UCITS and ETF – What’s in it for you?
The European Union is making UCITS directives since many years (dating back to 1985). With many amendments added to the UCITS directives both individual investors and providers benefit of the UCITS directive.
For investors it all boils down to financial products that have to comply to a number of rules. For providers of financial products such as ETF’s it means that the UCITS label opens up the whole EU for them.
Why ETF’s use the UCITS label
In order to comply with financial rules and regulations in the EU a provider of investment products may opt for a UCITS or AIFMD license. In order to aim your product to individual investor a UCITS license is obligatory.
That is why most (if not all) ETF providers chose to operate under the UCITS banner. The AIFMD license only allows them to sell ETF’s to professional customers. As we all know ETF’s are vastly popular with individual investors so not complying with UCITS would not be very wise.
What are the benefits of UCITS for ETF investors?
The main benefit for an ETF investor is that a UCITS ETF is an ETF that complies to rules that provides a certain level of security to your investment. Many rules are implied when an ETF is offered under the UCITS license. Here we will explore some of the major UCITS rules that are beneficial to individual ETF investors:
20% rule for UCITS ETF’s
A UCITS ETF may only invest up to 20% of net assets issued by the same provider. In some cases this percentage may go up to 35% but in general this limits the possibilities of using the funds of customers for investments that benefit the same provider.
If the ETF is an index ETF the maximum weighting of 1 asset may be 20% or 35% in some exceptional cases. This makes sure that risks are spread widely.
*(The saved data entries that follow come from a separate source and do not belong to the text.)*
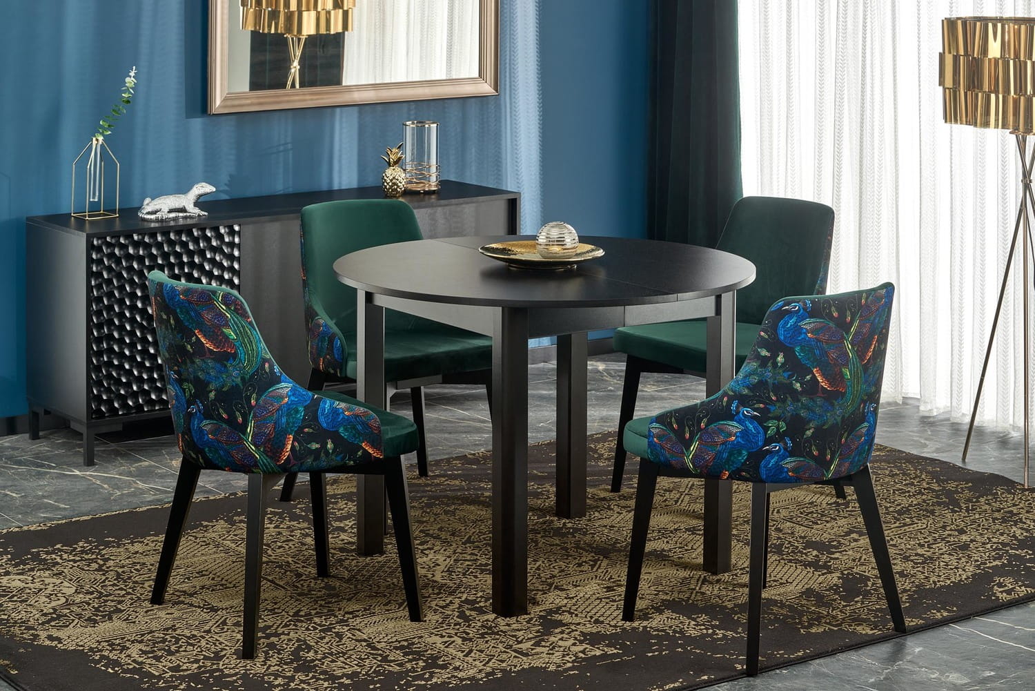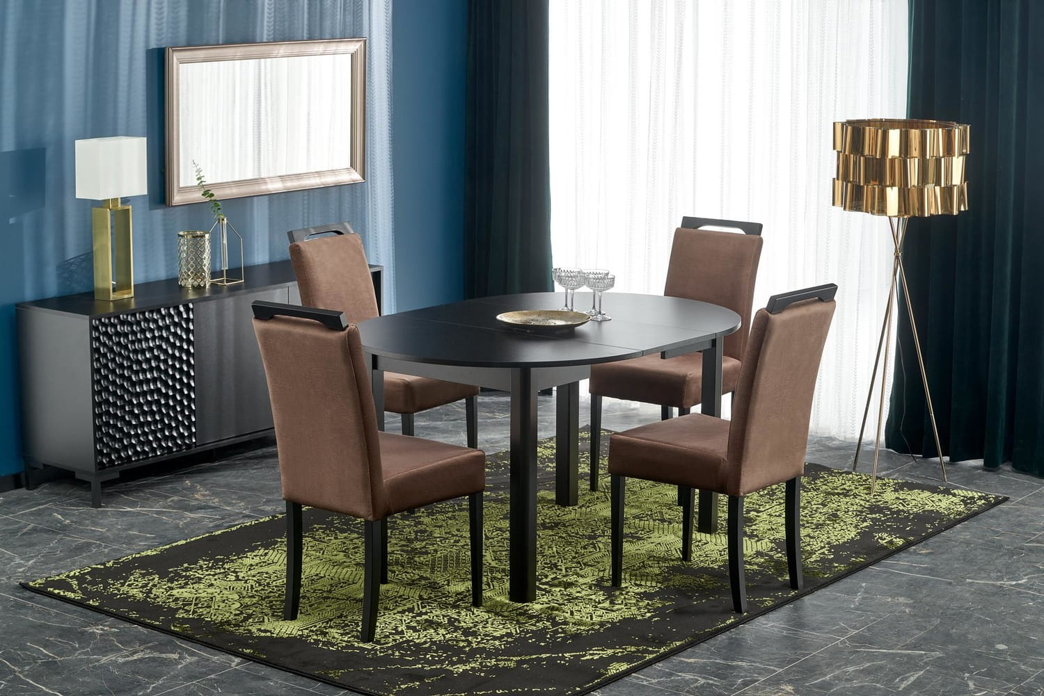 Okrągły stół Ringo, w kolorze czarnym to wyjątkowo stylowe i eleganckie rozwiązanie, które z pewnością przyciągnie uwagę w Twoim domu. Czarny kolor zawsze kojarzony jest z elegancją, nowoczesnością i prestiżem. Taki stół będzie idealnym elementem wystroju wnętrz dla osób, które cenią sobie nie tylko funkcjonalność, ale również estetykę. Stół w kolorze czarnym doskonale komponuje się z innymi elementami wystroju, niezależnie od stylu, w jakim urządzono wnętrze. Można go zestawić z jasnymi lub ciemnymi meblami, a także z innymi dodatkami, takimi jak lampy czy dywany, aby stworzyć spójny i harmonijny wystrój. Okrągły blat stołu to również doskonałe rozwiązanie dla mniejszych przestrzeni, ponieważ nie zajmuje tyle miejsca co stół prostokątny. Dzięki temu, że nie ma ostro zakończonych rogów, stół jest również bezpieczny dla dzieci, które nie będą narażone na przypadkowe uderzenia o ostry narożnik. Okrągły stół z funkcją rozkładania to praktyczne rozwiązanie, które umożliwia powiększenie stołu, gdy pojawi się taka potrzeba. Dzięki temu będziesz mógł zaprosić więcej gości na przyjęcie lub rodzinny obiad.
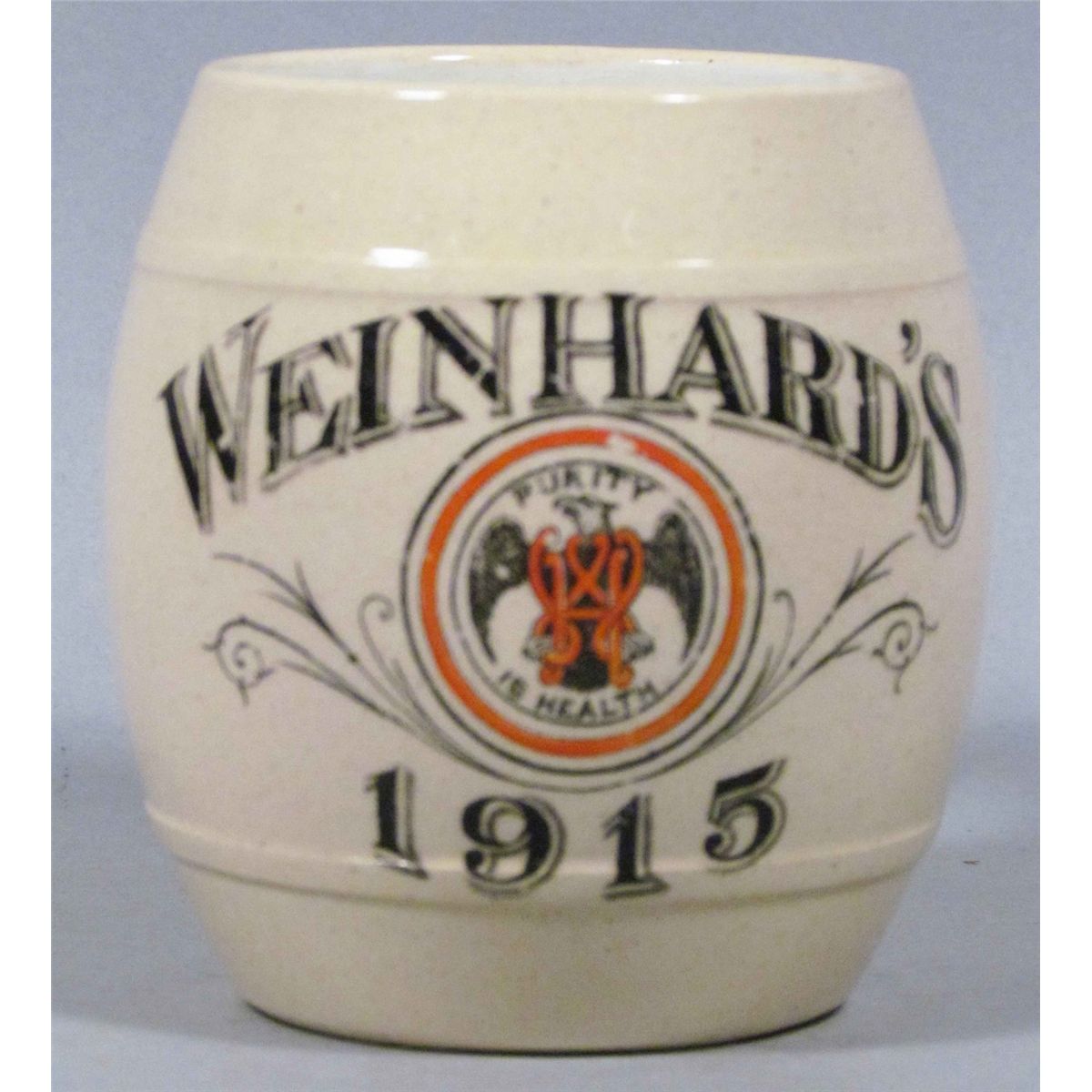 Weinhard's 1915 Beer Mug. 2 very tiny chips on base and normal crazing otherwise excellent condition. 3 3/4 inches tall. Start Price $50
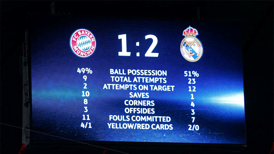 Ο φωτεινός πίνακας του “Allianz Arena” μετά τον περσινό προημιτελικό, με τα στατιστικά της συνάντησης. Η υπεροχή της Ρεάλ στην επίθεση ήταν σαρωτική.
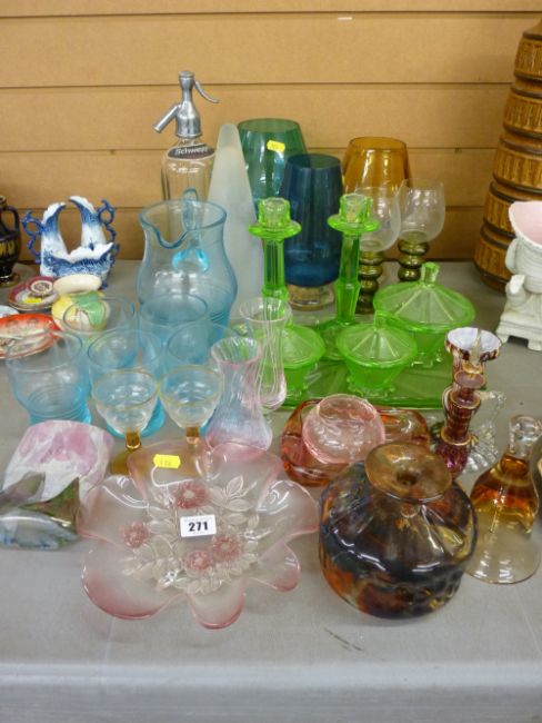 Uranium glass dressing table set, a Mdina vase along with a mixed selection of other colourful glassware
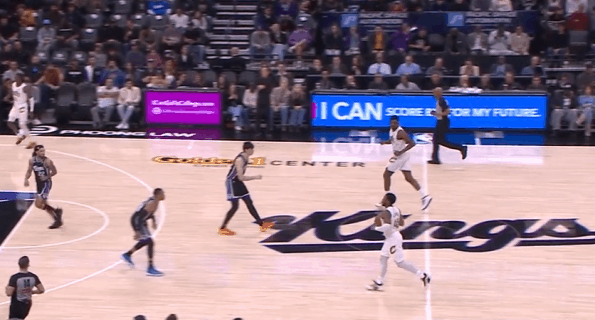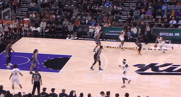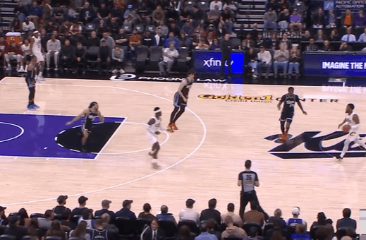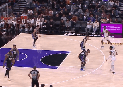 P7米切尔借拖布在后场的掩护推进至前场,随即和施罗德在边路发动“Get Flare”战术:接施罗德手递手回传的瞬间,加速启动突破直接过掉防守人,突破行进间躲过刷卡后直杀篮下迎着起跳护框的威少一记滞空反篮终结,稳稳打进。慢动作细节呈现:P8
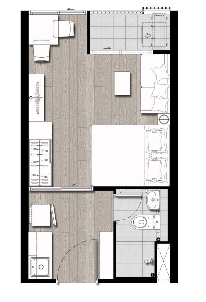 ทั้งโครงการมีอยู่ไม่กี่ยูนิต สำหรับ 1-ห้องนอน 23.5 ตรม. โดย Layout แปลกกว่าชาวบ้านเล็กน้อยคือ เป็นยูนิตหน้าแคบแต่ลึกครับ เหมาะกับอาศัย 1-2 คน และพื้นที่ครัวปิด เหมาะกับทำอาหารหนักๆ แบบไม่ต้องกังวลเรื่องกลิ่น
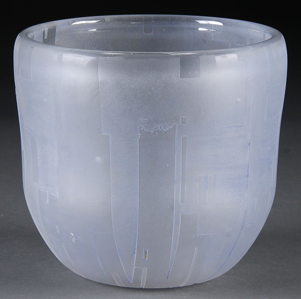 A CONTEMPORARY ACID ETCHED ART DECO STYLE VASE, with powder blue patina. Apparently unsigned. Height 5.25 inches.
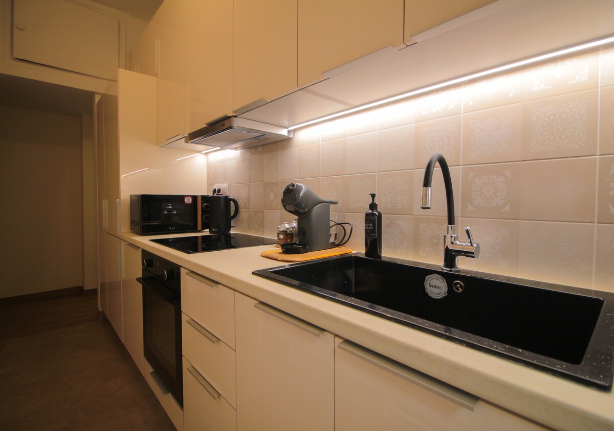 Ljus, ren lägenhet på 3: e våningen (med hiss), med original stil och stor balkong för avkopplande stunder. En hel del kärlek lades i DIY-dekorationen och en hel del tanke i valet av bekvämligheter för våra gäster. WiFi är gratis. 7 minuters promenad från tunnelbanan. Du har enkel och snabb tillgång till centrum via tunnelbana, och samtidigt möjlighet att återvända till en lugn och avkopplande miljö. Vi är alltid glada att kunna tillhandahålla all information eller hjälp som behövs till våra gäster.
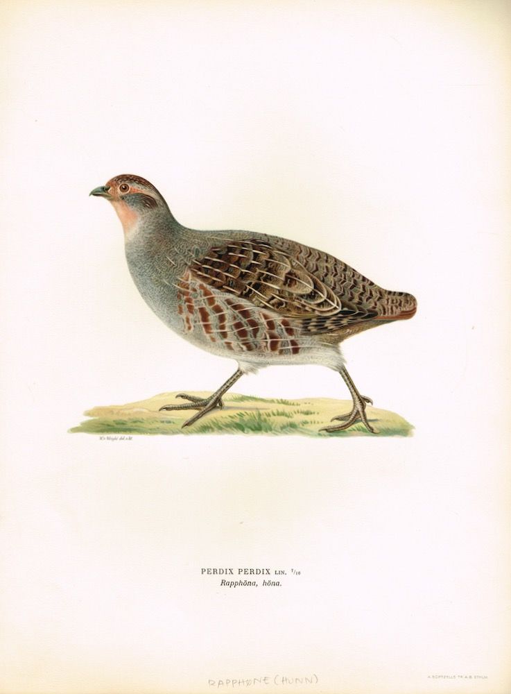 Perdix perdix. Rapphöna, höna. (Rapphøne, hunn). Fra verket “Svenska fåglar efter naturen och på sten ritade ... “

The index that is tracked must be published in an accessible way
If a UCITS ETF is tracking an index this rule makes sure that this index is widely available to the public. So you as an ETF investor should be able to see and verify such an index in an easy and accessible way.
Rules regarding tracking information
A UCITS ETF provider should always make clear how they track the index and underlying assets. They should make clear whether tracking is done in a full or sample based physical replication or that they use a synthetic way of tracking the ETF.
Explanations about ETF leverage
If a leveraged ETF is offered the ETF provider should make clear how this leverage is being achieved and what kind of risk is involved. They should also make clear how results may vary from the index it tracks.
UCITS as an international brand for ETF’s
Today all major ETF issuers use the UCITS license to enter the EU market. For them it does not only provide access to the large European investor market. It also provides a trustworthy label that allows for larger assets flowing in.
So it really is a win-win to both investors and providers. But, of course, a UCITS label does not imply that you do not run any risk anymore. Of course investing is all about risks and returns.